Crónicas sobre esta estreita faixa de terreno (2)
Hoje vou falar-vos de oliveiras. As galinhas podem esperar.
As oliveiras aqui do sopé da Serra dos Candeeiros são maioritariamente da variedade galega. Tradicionalmente estas árvores eram de grande porte, com cinco ou seis metros de altura e oito ou dez de diâmetro. Noutros tempos, em que a mão de obra era jovem e abundante, subir a essas alturas não era um problema, mas com o passar dos anos, e com a mudança etária que o mundo rural sofreu, os acidentes na apanha da azeitona começaram a ser um tema incontornável. Todos os anos pelo menos uma pessoa conhecida sofria um acidente grave ao cair de uma oliveira e, pouco a pouco, as árvores foram sendo 'derrotadas' com podas mais curtas tornando-se mais baixas e, por vezes, até desproporcionalmente largas.
Além da questão da segurança, a oliveira tem de ser podada para não ficar com o seu interior muito cerrado. A planta esforça-se muito mais para manter toda aquela vegetação e isso reduz a sua produção. Além disso, uma oliveira muito fechada complica muito a apanha da azeitona. O ano que se segue a uma destas podas é sempre menos produtivo, mas a prazo é uma boa opção.
As ovelhas entregam-se com afinco às sobras destas podas e rapidamente fazem desaparecer todas as folhas. É um ciclo perfeito. O excesso aparentemente inútil das oliveiras transforma-se em alimento. Sobram ainda os ramos que, agora despidos de folhas, servem para atear o forno, e até que esse dia chegue são um poiso muito apreciado pelas galinhas para pernoita.
A apanha da azeitona é naturalmente um momento especial para os olivicultores. É o inicio da última fase de vários meses de trabalho, e que só termina quando se vai buscar o azeite ao lagar.
O minifúndio, que aqui é maioritário, permite que em poucos dias se resolva o assunto e, mesmo para os menos idosos que ainda trabalham, é vulgar guardarem-se uns dias de férias para esta altura do ano.
Não conheço por aqui quem subsista exclusivamente da produção de azeite. Esporadicamente poderá ser um complemento de rendimento, mas na maioria das vezes é apenas uma forma de ter azeite caseiro suficiente para gastar todo o ano e para dar à família e amigos.
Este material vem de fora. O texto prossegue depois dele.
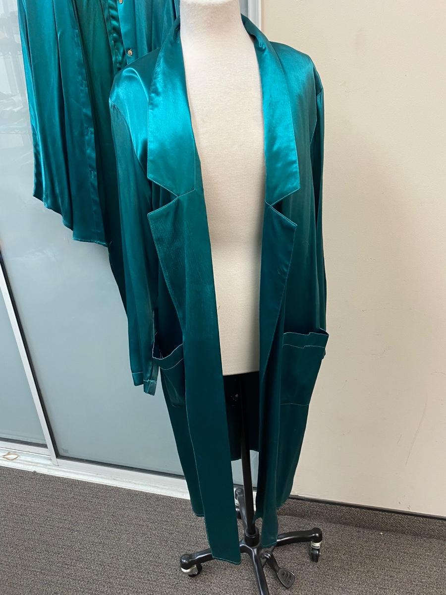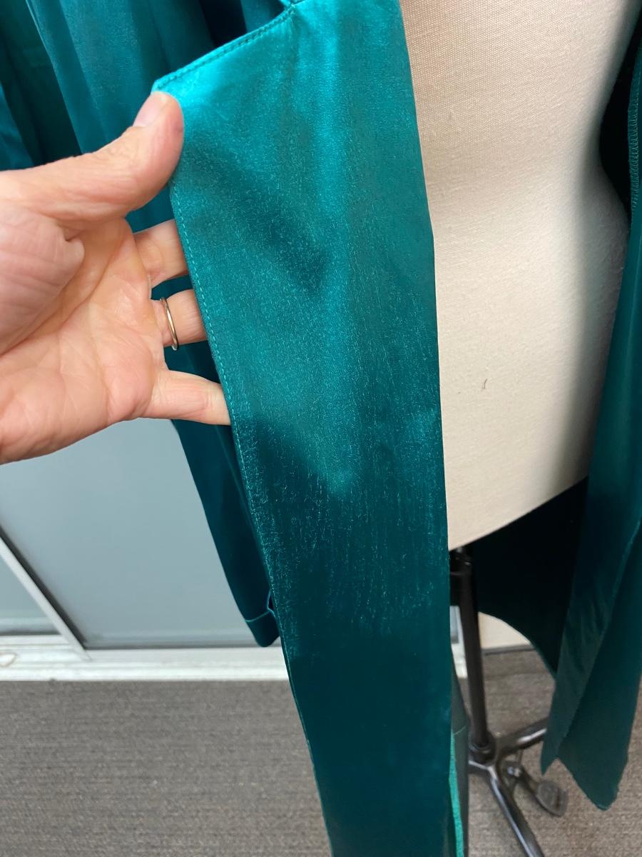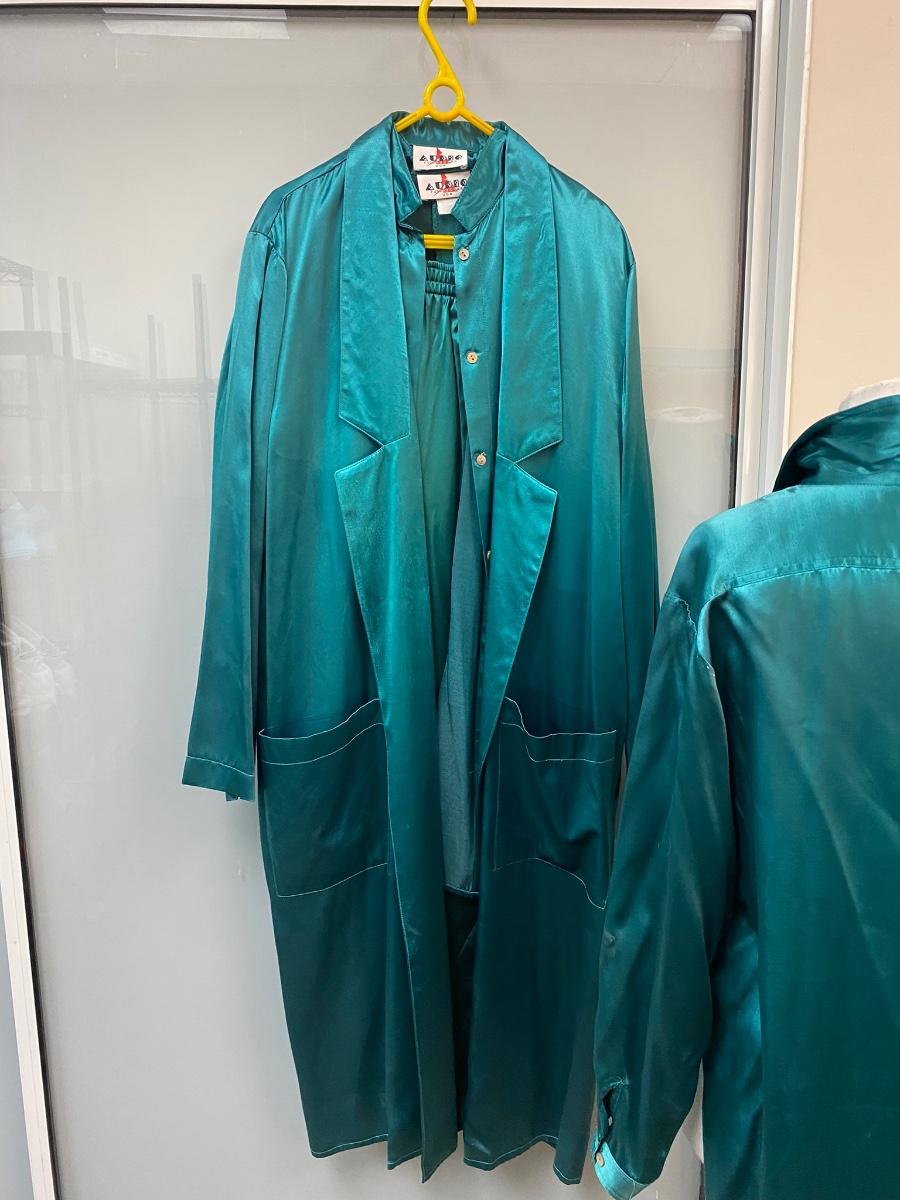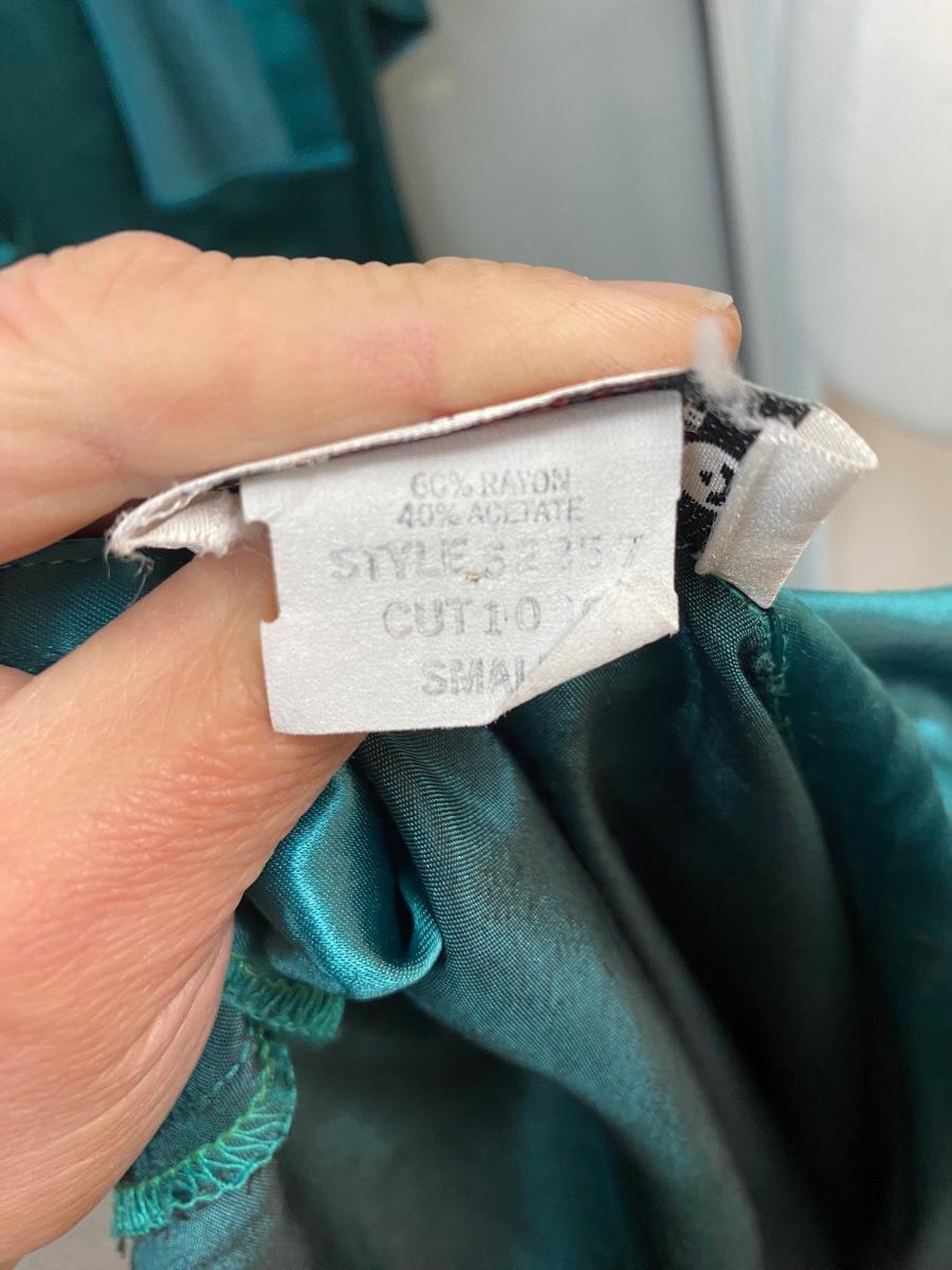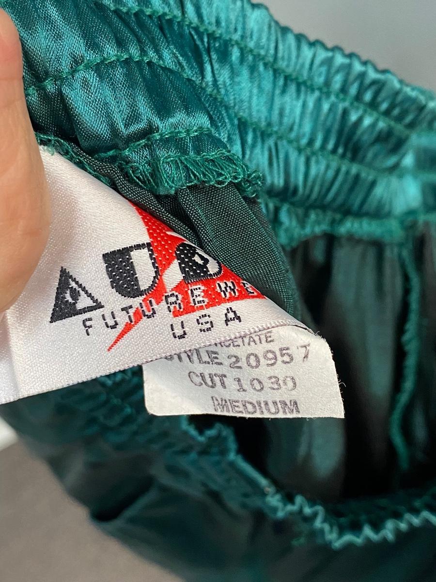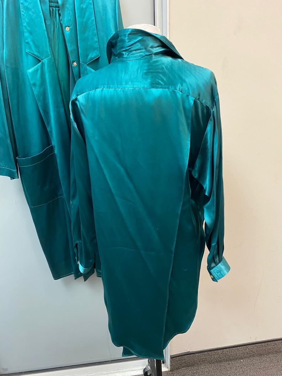 Vintage Retro 4 Piece Audio Future Wear USA Green Satin Rayon Outfit Pants Suit. Includes a pair of elastic waist pants, two different button front blouses, and a kimono jacket like blouse. Mix and match. All pieces are size medium except the kimono top is a small. See photos for blouse styles.
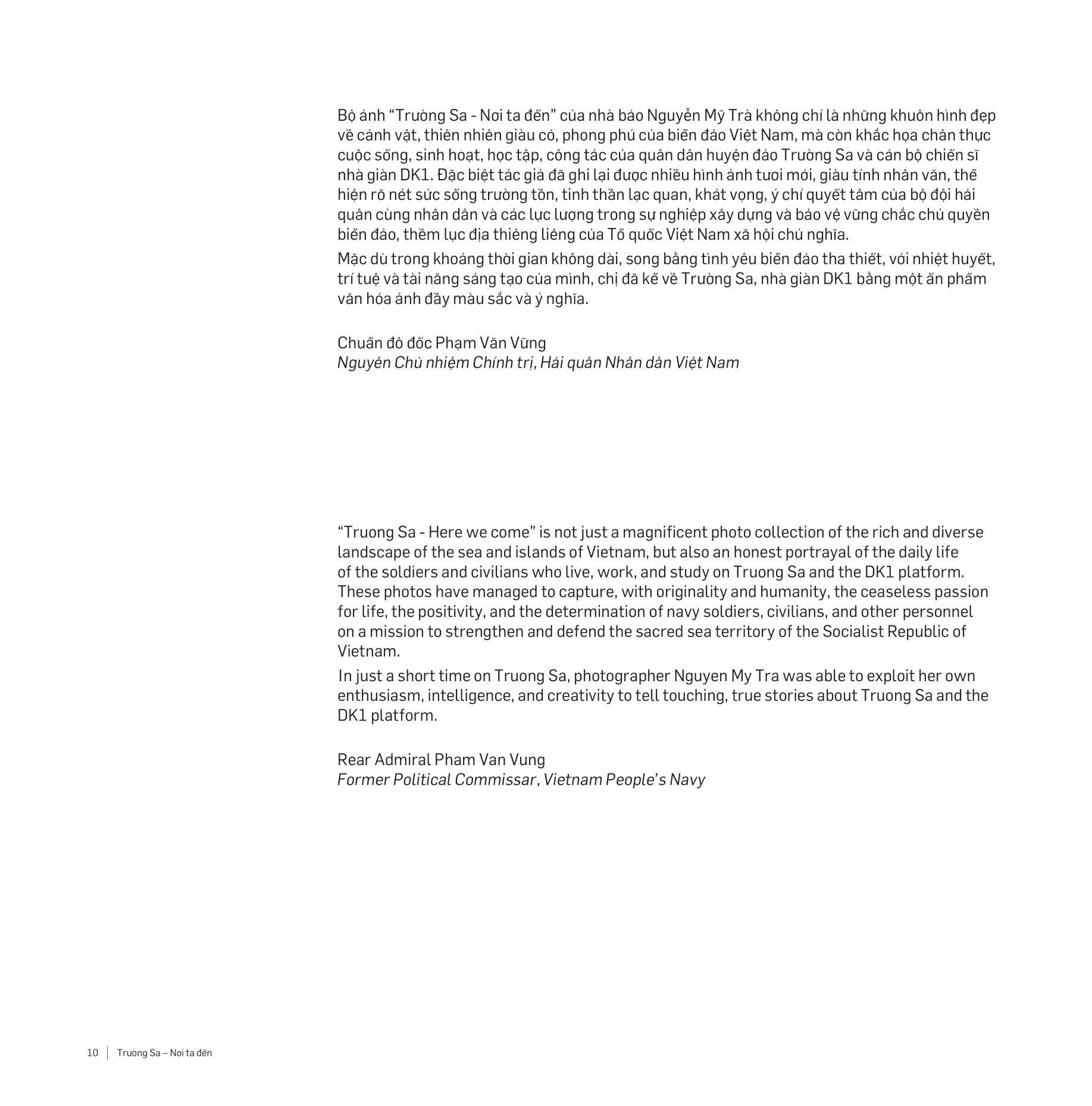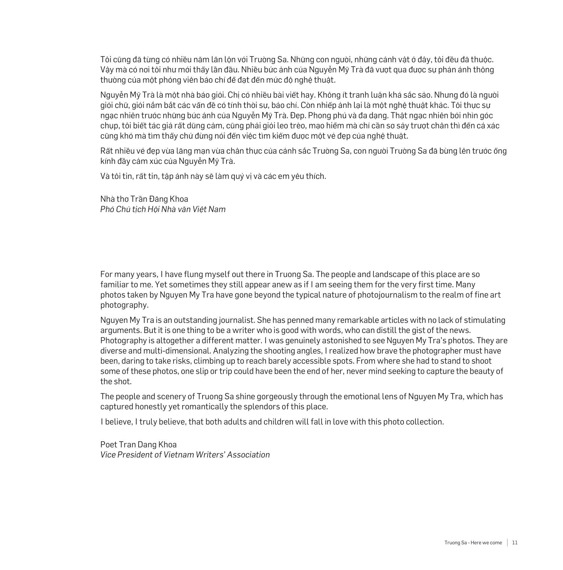 “To assert Vietnam’s sovereignty over Truong Sa (Spratly) islands, generations after generations of Vietnamese civilians and armed forces have erected various posts from iron, steel, concrete as well as other materials. There are, however, much more resilient sovereignty markers that neither wave nor storm could weather. They exist in the sacrifices of countless navy soldiers, in music, literature, artistic photos, etc. “Truong Sa - Here we come”, the book by journalist Nguyễn Mỹ Trà you are holding, can also be considered a valuable declaration of the country’s indisputable rights over its sacred territorial waters and maritime features.” - Tran Dang Khoa, poet.

É também uma forma de pagamento a quem, que não sendo da família, tenha ajudado na apanha.
Normalmente a colheita é também o motivo, não menos importante, para reunir a família. Existe uma forte vertente pessoal e familiar em tudo isto. A relação com o olival é alimentada por uma mistura de posse do território com homenagem a quem o planeou e concretizou. Manter um olival é manter um espaço, as suas plantas e o propósito que foi concretizado há muitas décadas atrás pelos pais ou avós.
Mesmo que não conscientemente, quando se planta um olival, se cuida dele com a ajuda dos filhos, irmãos e outros familiares está-se também a passar uma mensagem e a consubstanciar uma intenção.
O azeite produzido desta forma tradicional e tão pessoal fica muito mais dispendioso do que o que se consegue com métodos intensivos e muito mais profissionais. Tem havido diversas mudanças no enquadramento legal de toda esta actividade e no geral todas têm reforçado as vantagens do efeito de escala conseguido pelas explorações intensivas.
Em abstracto os subsídios agrícolas irritam-me, mas o maior subsídio que se poderia dar a este tipo de agricultura era não lhe complicar mais a vida. Um olival tradicional pode durar muitos mais anos que a idade do actual regime político somada à do anterior. Mas mesmo assim há sempre mais uma norma emanada pelo ministro de turno, porque agora é que se vão resolver os problemas e enriquecer os agricultores. Nisto sinto-me especialmente liberal. Não mudem mais regras porque isso é, demasiadas vezes, o melhor que um governo pode dar ao seu país.
Apesar de tudo isto ainda vai havendo quem insista em manter esta tradição, e este ano adivinha-se mais produção que no ano passado.